Let’s be clear about the 90-day law. Contrary to claims by the government, it hasn’t created a single extra job. It has eliminated risk for the employer, but it hasn’t created work. The only attempt at an intellectual piece of work to suggest the opposite, from the NZIER, has been widely discredited for failing to take account of other factors that led to a temporary increase in employment.

The challenge for modern management is not to maximise control and dominance. It is to create a workplace and foster a culture in which employees feel confident they have a stake and are motivated to do their best. That means having a say over things that affect them. It means being able to disagree with management without the threat of losing their job. It means being able to exercise those residual freedoms without thinking they are doing something wrong.

What needs to change?

So what needs to change?

The starting point is to challenge some long-held assumptions and mistaken concepts.

The first is that freedom of choice (in this case, to form or belong to a union) does not happen just because a clause in the statute says it does. It is not a free choice if a person with whom you have just entered a contract allowing them to instruct you and insist you obey them tells you they don’t want unions in the workplace.

It is not a free choice if an employer offers you a $30 000 pay rise on the condition you leave the union.

In all the discussion about freedom of choice in this country, we never talk about meaningful choice. The only choice that is genuinely free is meaningful choice. That is a choice where the options are free of undue negative consequences.

So, one thing we must do is to properly protect the freedom of choice provided for in the Employment Relations Act.

This might mean restricting some conduct by some employers.

So, the next assumption to challenge is that employers’ rights are the same as workers’ rights. They are not. Corporate entities are not human beings and do not have human rights. A person acting in the name of a corporate, especially when they are exercising a power over another individual, is not exercising a human freedom. Corporates, in the form of limited liability companies, are a privileged entity; their owners are protected from facing up to the full liability of the corporate’s actions. So, there is no moral case against restricting corporate conduct in relation to individuals.

In this regard, the next assumption to challenge is that the workplace is a private space like a home. It is not. The workplace, unless it is a home, is a place of commerce. All sorts of competing rights come into play over it. There is no case for restricting the rights of workers in the workplace, such as the right of access of their freely chosen union representative.

So, a further assumption to challenge is that the rights and power of a union are somehow separate from a union’s members. But a union’s authority comes from its members.
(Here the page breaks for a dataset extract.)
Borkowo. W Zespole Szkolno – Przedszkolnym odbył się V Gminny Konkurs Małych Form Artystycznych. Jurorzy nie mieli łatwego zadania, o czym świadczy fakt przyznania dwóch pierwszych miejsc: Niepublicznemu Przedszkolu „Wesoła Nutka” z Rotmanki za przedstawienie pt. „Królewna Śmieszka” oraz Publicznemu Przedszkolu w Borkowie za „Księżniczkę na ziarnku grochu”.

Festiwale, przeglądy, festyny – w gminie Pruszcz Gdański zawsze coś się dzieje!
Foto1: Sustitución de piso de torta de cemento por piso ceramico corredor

Its rights are its members’ rights.

Yet another assumption that must be addressed is the idea that flexibility and excellent work practice cannot be negotiated on a collective basis or that engagement with a workforce represented by a union is somehow not possible.
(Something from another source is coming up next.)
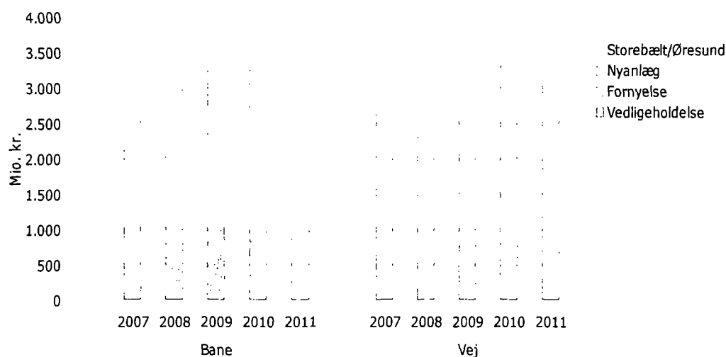
Figur 2. Bevillinger til baner og veje på FLO8

Infrastrukturbevillingerne til Banetrafik afspejler den politiske aftale om trafik fra november 2006, hvor der blev afsat en markant forøget bevilling til genopretning af jernbanenettet. Bevillingerne vedr. Storebælt/Øresund omfatter den statslige betaling til Sund og Bælt A/S for benyttelse af jernbaneforbindelserne over Storebælt og Øresund, herunder Kastrupbanen. Udgiften hertil udgør ca. 1.033 mio. kr. årligt og dækkes delvist af baneafgifter fra jernbaneselskaber (primært DSB) på ca. 570 mio. kr.

The management challenge is, and must remain, the effective engagement of the workforce to achieve the best performance possible with the resources available, and to ensure each party to the employment relationship is fairly and proportionately rewarded.

And finally, we might want to question whether so-called independent contractors who have only one source of income, or a single predominant source of income, and who is to all intents and purposes treated as an employee should not have the same protections as conventional employees.
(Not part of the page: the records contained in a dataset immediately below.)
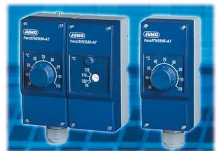
Термостаты JUMO heat THERM
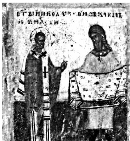
Ил. 8. Клеймо иконы «Никола Чудотворец, Леонтий и Игнатий Ростовские с житием Николы». ГТГ
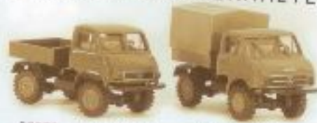
39050 Unimog 402 Pritsche, sortiert € 9,50 39009 Unimog 411 PP, sortiert € 10,00
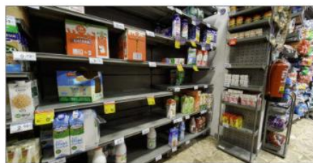
Estanterías vacías en un establecimiento de Valladolid.

vicios ni las infraestructuras logísticas esenciales se vean afectados por las actuaciones violentas de un grupo que dice pertenecer a una asociación minoritaria de transpor-
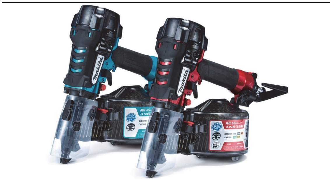
(左から)65mm高圧エア釘打 AN634HM/AN635H
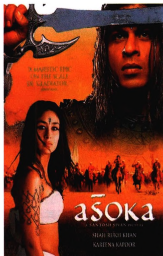
67 新世纪印度电影叙事美学研究
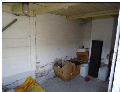
Figuur 12. Binnenkant schuur.
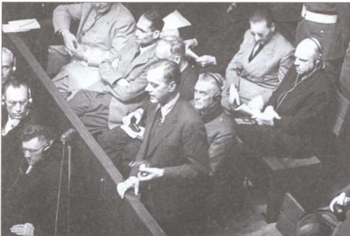
Альфред Розенберг дает показания на Нюрнбергском трибунале
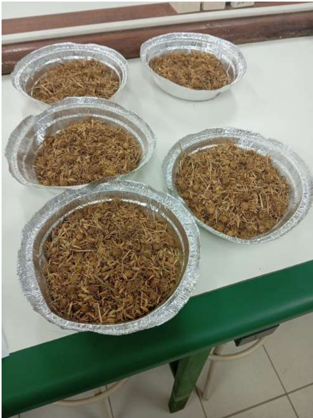
Figura 4 - Amostras para secagem após a abertura.

The test for coverage of legal protection should not be dependent on a worker’s legal status, or the legal fiction that surrounds it, but on the nature of the relationship with end user of labour.

Conclusion

It’s time to go back to first principles. We need to balance the employer’s power of instruction and the employee’s duty of obedience with measures that protect the employee’s remaining freedoms in the workplace, and protect against vulnerability.

This will be the foundation upon which an employment code that respects both parties to the employment relationship and seeks to deliver the best value for both will be built.